One possibility is that long-haulers have “persistent viral reservoirs,” like a storage bin of coronavirus particles that continue to make its host sick. “Viral ghosts” — fragments of the virus such as its genetic information or proteins — could be separate culprits that are capable of “stimulating the immune system” even after infection is cleared, Iwasaki wrote.
Or, the coronavirus somehow convinces the body to turn on itself, causing it to aggressively attack its own defenses, as is the case with most autoimmune disorders such as lupus and rheumatoid arthritis.
“Many studies have provided support for all three of these mechanisms,” Iwasaki wrote in the blog post. “I suspect that people with long Covid have varying degrees of all three mechanisms taking place. Thus, long Covid consists of multiple types of diseases.”
The COVID-19 vaccines may be improving long-hauler’s symptoms by giving their bodies special immune cells and antibodies that can remove viral reservoirs or ghosts, or by shifting the autoimmune response to focus its attention elsewhere, thus allowing long-haulers to heal and feel relief from symptoms.
There’s much to learn about vaccines and long-COVID-19
Still, much remains unknown about the conflicting responses of long-haulers following vaccination.
“They might be different disease processes and you manage them differently,” Dr. Adam Lauring, a virologist and infectious disease physician at the University of Michigan, told The New York Times. “It might be that there’s a subset of people who have a certain type of long Covid, who respond well to vaccines, but there might be other people who have a different subtype that we haven’t quite defined yet.”
Dr.
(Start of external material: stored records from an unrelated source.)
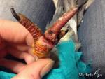 Delfin Опубликовано 18 февраля, 2015 #1 Опубликовано 18 февраля, 2015 14 февраля была в ветеринарке по эфтаназии своего птаха, там была малоимущая женщина кошатница -принесла найденного на мусорке голубя -у него на пальце была перетяжка, лапка была красной, НЕ черной, но перетяжка была до кости. Ветеринар убрал нитку\леску (не уточняла что имено, сами понимаете, не до того мне было....), замотал бинтом, взял 250р и отпустил домой. Т.к. птица у нее впервые, я ей пояснила что делать, дала ей свой номер - она живет оч далеко от меня и я физич не попадаю в тот район загорода. Сегодня звонит: "птице плохо, палец ПОЧЕРНЕЛ, почти не ест, я ничо не делала, врач сказал не трогать и повязку не снимать, а сегодня сняла - а там все черное, ЧТО ДЕЛАТЬ??" я ей сказала омывать теплым хлоргексом, примочки смеси №2 пару дней раз по 6 на день, потом подключать левомиколь (ируксола и химотрипсина у нас непродают). В клюв обезбаливащее (ибуфен, 2 капли с водой смешать на ноч) и травматин (0,2мл2 раза в день). Считаю что уже нужно антибиотик применять -она сказала дома есть глазные капли ципролет. Скажите что можно еще сделать и правильны ли дозировки?и если нужен антиб - расчитайте пожалуйста дозу его и нистатина для голубя (я сама дело имею только с мелкими птицами) вот фото как примерно выглядела лапа (фото взято из нэта) до того как врач убрал нитку: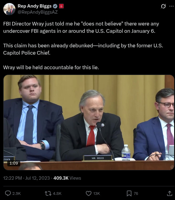 Despite the pre-existing report, Wray rejected that notion in testimony before Congress. “The idea that I’m biased against conservatives seems somewhat insane to me, given my own personal background,” Wray told Congress in 2023.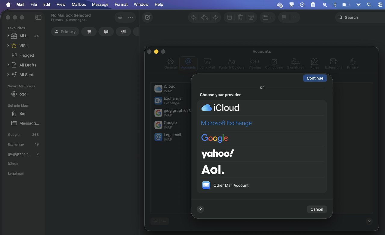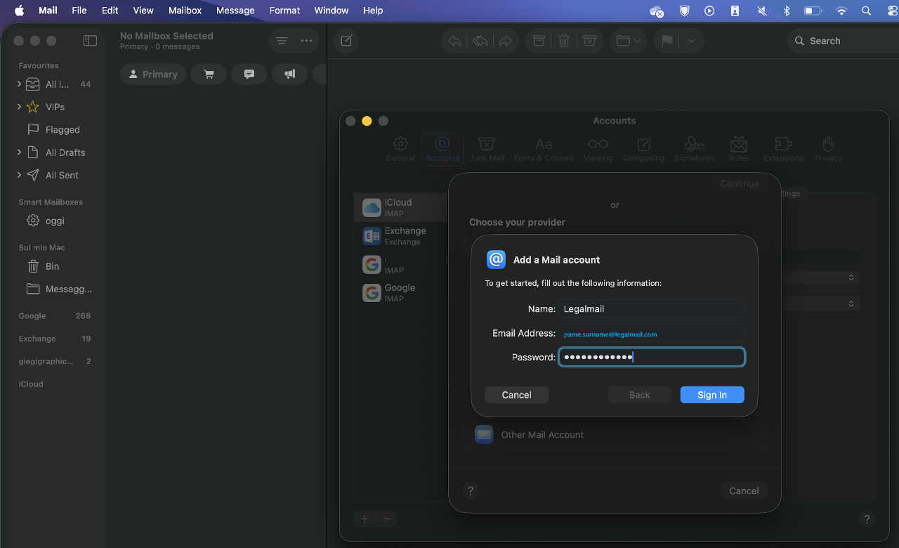 Click the Sign In button to complete the setup. Your PEC mailbox will be configured in the Apple Mail client, allowing you to send and receive certified emails. Finally, the program will prompt you to select the apps with which you want to use the newly created account.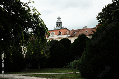© Ekaterina, Fototapeta premium Partially hidden behind trees, the historic Sombor City Hall with its decorative dome is seen from a side view in Serbia.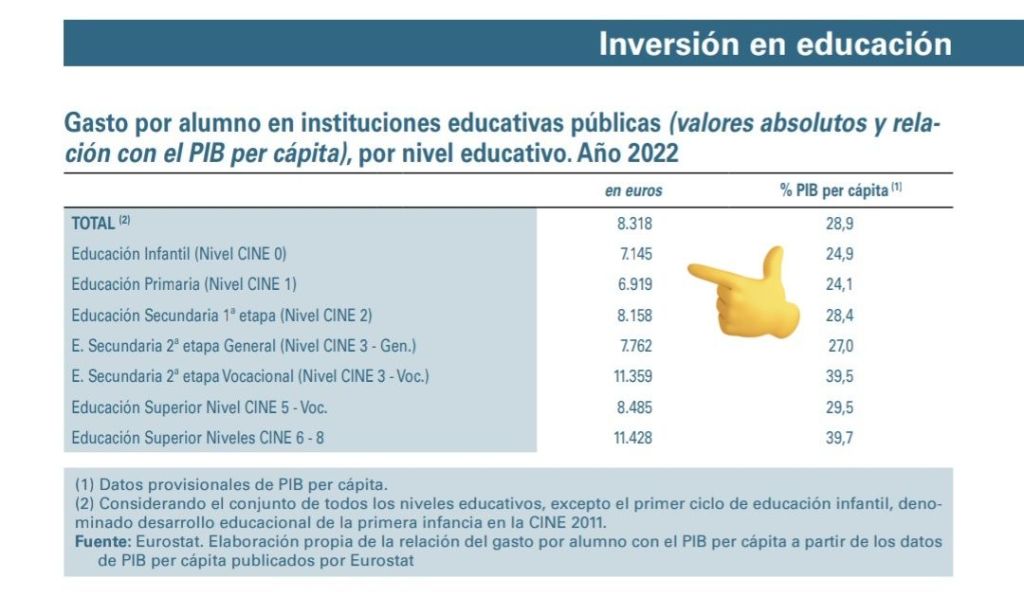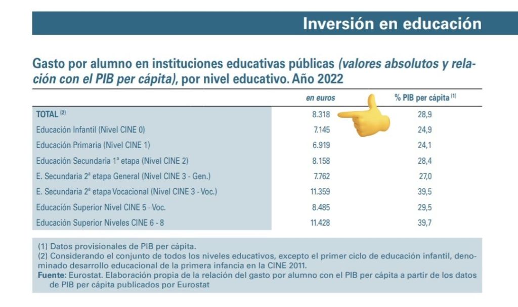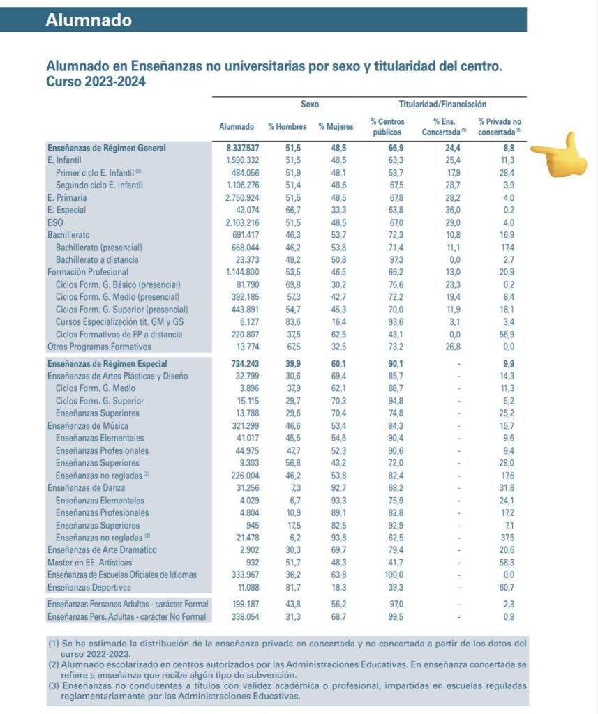 Es decir la administración gasta ~3.800€ por alumno en educación concertada (resultado de dividir los ~7.745m€ en conciertos entre los 2,033 millones de estudiantes en colegios concertados).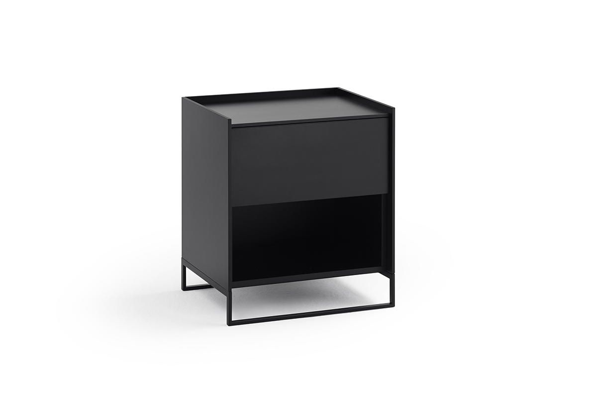 Die Eleganz feiner, aufeinander abgestimmter Details ist das formale Thema der neuen Kommodenserie LEAN BOX. Die Kommode ruht vorn auf einer filigranen Kufe von nur 5 x 15 mm, die sich im Korpus als umlaufender „Kragen“ seitlich und oben fortsetzt und das Erscheinungsbild als an der Wand lehnende Kommode prägt. So scheint die LEAN BOX zu schweben. Je nach Einsatzbereich lässt sich die Kommode mit Türen und Schubkästen ausstatten. Hier kommt dann die neueste Push-to-Open Technik zum Einsatz, die Schubkästen haben zudem noch einen integrierten Softeinzug. An der Wand stehend kommt die LEAN BOX Kommode mit einer Kufe vorne aus. Eine freistehende Variante mit zwei Kufen ist ebenfalls möglich.

Michael Saag, a professor of medicine and infectious disease at the University of Alabama at Birmingham shared his own theories with The Washington Post. He worries that COVID-19 vaccines could send long-hauler’s immune systems into overdrive, worsening symptoms.
“I’m looking at that disorder as a potential overreaction to the SARS-CoV-2 virus, and stimulating [patients’ immune systems] further could make them worse,” Saag told the outlet. “I’m intrigued and puzzled by the reports and curious to see whether this pans out to be real and, if so, why is it happening.”
While more data is collected, health experts agree the benefits of the vaccines outweigh the risks of COVID-19 reinfection or worsening long-hauler symptoms.
A separate small study conducted in the U.K. found that 23% of long-COVID-19 symptoms improved among 44 vaccinated people compared to 15% in 22 unvaccinated individuals. Meanwhile, vaccinated people reported that about 6% percent of their symptoms worsened after getting a shot.
The researchers concluded that COVID-19 vaccination was not associated with “a worsening of Long Covid symptoms, quality of life or mental wellbeing,” and that long-haulers should still get vaccinated when they are eligible. The team also speculated that a placebo effect — a beneficial effect that stems from a person’s belief in the vaccine rather than the vaccine itself — could play a role in the relief of long-hauler symptoms.
“It’s clear that vaccines have helped some people with long Covid with their symptoms,” Iwasaki wrote in the blog Elemental. “While the numbers are still small, these are encouraging signs.”